- THE PROBLEM:
Repeat the entries exactly, and do not carry the pictures over.

- DATASET RECORDS:
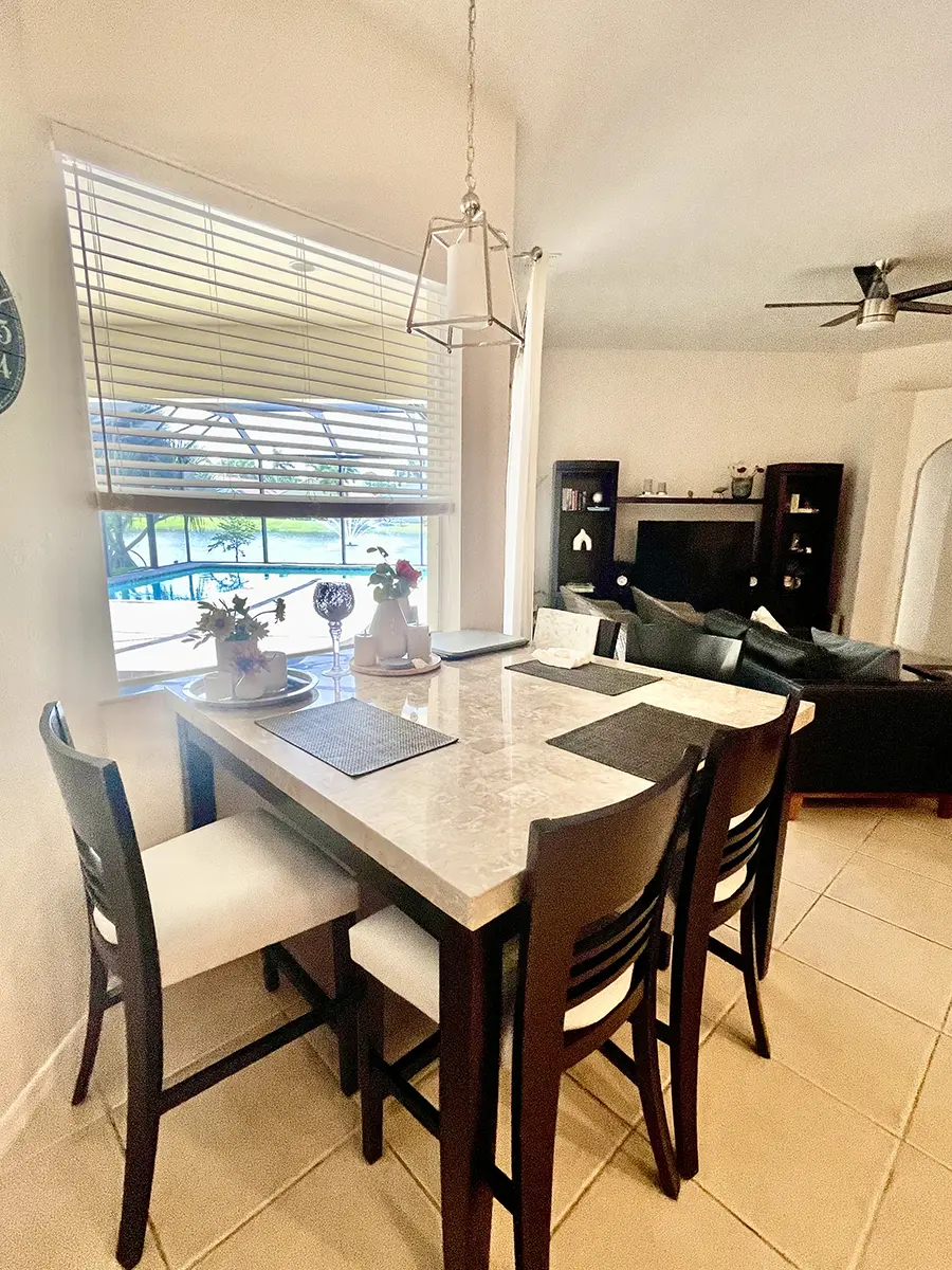 Welcome to your private pool villa in the exclusive gated community of Moon Lake, just minutes from 5th Avenue South and the beautiful beaches of Naples. This spacious home features four bedrooms with king-size beds, perfect for adults or families, and bright, airy living areas with vaulted ceilings and stylish Florida décor.
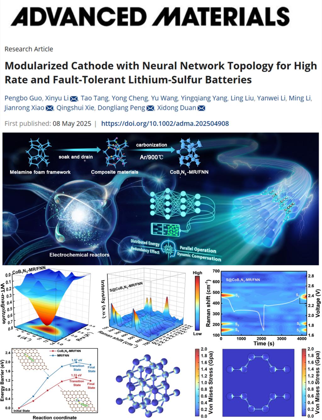 近日,我院李新宇研究员、肖剑荣教授团队在顶级期刊《Advanced Materials》(中科院一区TOP期刊,2024年影响因子27.4)上发表题为“Modularized Cathode with Neural Network Topology for High Rate and Fault-Tolerant Lithium-Sulfur Batteries”的学术成果。该研究成果首次提出了电极的容错策略并阐明了其作用机制,为储能电池的设计与安全性提供了全新的视角。
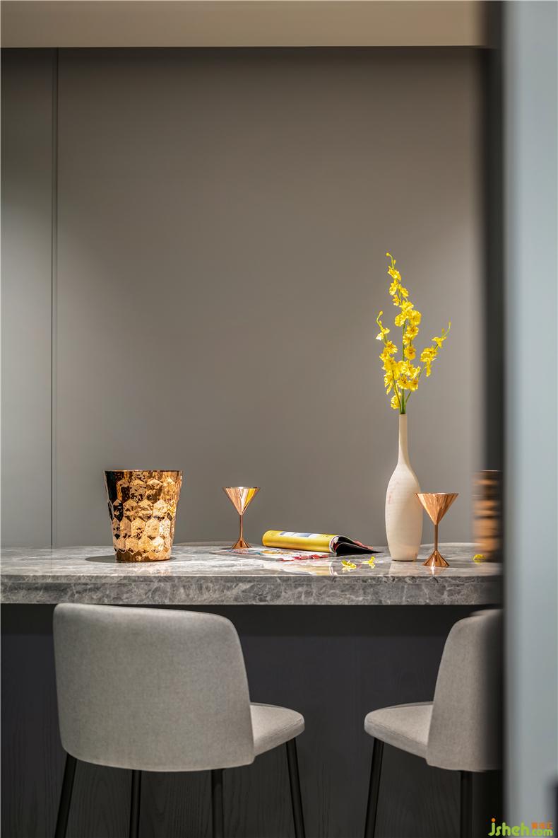 The concept of dining bar refers to the combination of characteristic dinner and leisure atmosphere. Marble table and high stool make eating and drinking a "one table" thing.
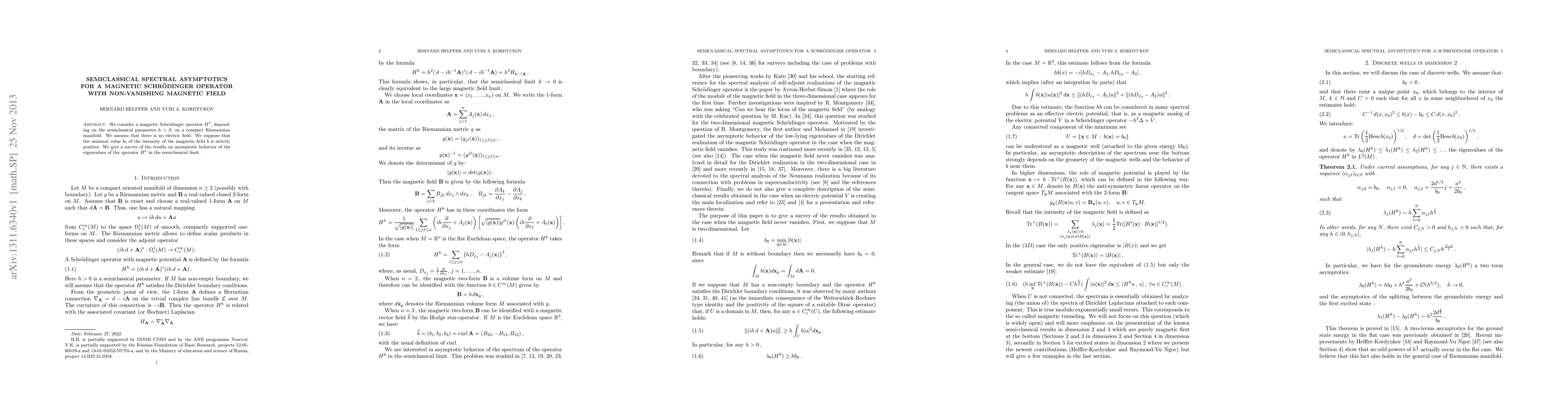 This paper surveys the asymptotic behavior of eigenvalues for a magnetic Schrödinger operator with a non-vanishing magnetic field on a compact Riemannian manifold, focusing on the semiclassical limit as the parameter $h$ approaches zero. The study highlights the spectral properties influenced by the magnetic field intensity.
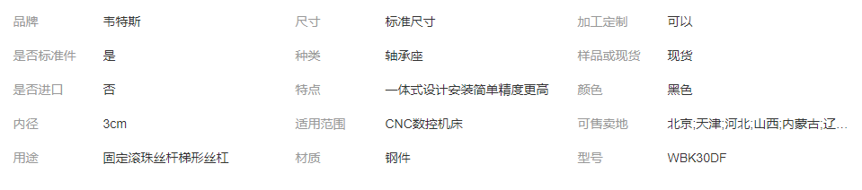 本网页所展示的有关【韦特斯丝杆支撑座 型号WBK30DF 重载轴承座 高负荷座系列_轴承附件_山东韦特斯自动化科技有限公司】的信息/图片/参数等由全球零部件网的会员【山东韦特斯自动化科技有限公司】提供,由全球零部件网会员【山东韦特斯自动化科技有限公司】自行对信息/图片/参数等的真实性、准确性和合法性负责,本平台(本网站)仅提供展示服务,请谨慎交易,因交易而产生的法律关系及法律纠纷由您自行协商解决,本平台(本网站)对此不承担任何责任。您在本网页可以浏览【韦特斯丝杆支撑座 型号WBK30DF 重载轴承座 高负荷座系列_轴承附件_山东韦特斯自动化科技有限公司】有关的信息/图片/价格等及提供【韦特斯丝杆支撑座 型号WBK30DF 重载轴承座 高负荷座系列_轴承附件_山东韦特斯自动化科技有限公司】的商家公司简介、江南(中国)等信息。
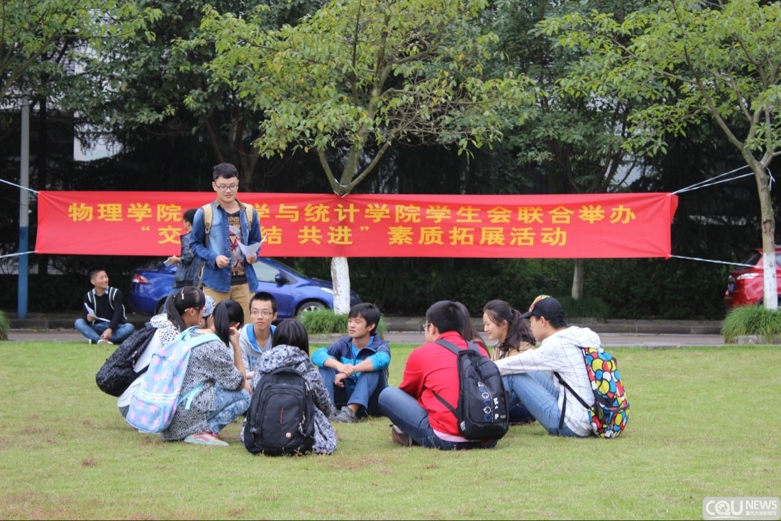 、数学与统计学院团委学生会联合举办的“交流、 团结 、共进”素质拓展活动拉开帷幕。两个学院团委学生会的100多名干事以小组的形式活跃在此次活动中,更有各部门部长和主席团代表担任评委,全程跟踪。大一的干事们从未参加过素质拓展活动,因此大家都怀着激动的心情迫不及待地去揭开素拓神秘的面纱。

- ANSWER SECTION:
 Welcome to your private pool villa in the exclusive gated community of Moon Lake, just minutes from 5th Avenue South and the beautiful beaches of Naples. This spacious home features four bedrooms with king-size beds, perfect for adults or families, and bright, airy living areas with vaulted ceilings and stylish Florida décor.
 近日,我院李新宇研究员、肖剑荣教授团队在顶级期刊《Advanced Materials》(中科院一区TOP期刊,2024年影响因子27.4)上发表题为“Modularized Cathode with Neural Network Topology for High Rate and Fault-Tolerant Lithium-Sulfur Batteries”的学术成果。该研究成果首次提出了电极的容错策略并阐明了其作用机制,为储能电池的设计与安全性提供了全新的视角。
 The concept of dining bar refers to the combination of characteristic dinner and leisure atmosphere. Marble table and high stool make eating and drinking a "one table" thing.
 This paper surveys the asymptotic behavior of eigenvalues for a magnetic Schrödinger operator with a non-vanishing magnetic field on a compact Riemannian manifold, focusing on the semiclassical limit as the parameter $h$ approaches zero. The study highlights the spectral properties influenced by the magnetic field intensity.
 本网页所展示的有关【韦特斯丝杆支撑座 型号WBK30DF 重载轴承座 高负荷座系列_轴承附件_山东韦特斯自动化科技有限公司】的信息/图片/参数等由全球零部件网的会员【山东韦特斯自动化科技有限公司】提供,由全球零部件网会员【山东韦特斯自动化科技有限公司】自行对信息/图片/参数等的真实性、准确性和合法性负责,本平台(本网站)仅提供展示服务,请谨慎交易,因交易而产生的法律关系及法律纠纷由您自行协商解决,本平台(本网站)对此不承担任何责任。您在本网页可以浏览【韦特斯丝杆支撑座 型号WBK30DF 重载轴承座 高负荷座系列_轴承附件_山东韦特斯自动化科技有限公司】有关的信息/图片/价格等及提供【韦特斯丝杆支撑座 型号WBK30DF 重载轴承座 高负荷座系列_轴承附件_山东韦特斯自动化科技有限公司】的商家公司简介、江南(中国)等信息。
 、数学与统计学院团委学生会联合举办的“交流、 团结 、共进”素质拓展活动拉开帷幕。两个学院团委学生会的100多名干事以小组的形式活跃在此次活动中,更有各部门部长和主席团代表担任评委,全程跟踪。大一的干事们从未参加过素质拓展活动,因此大家都怀着激动的心情迫不及待地去揭开素拓神秘的面纱。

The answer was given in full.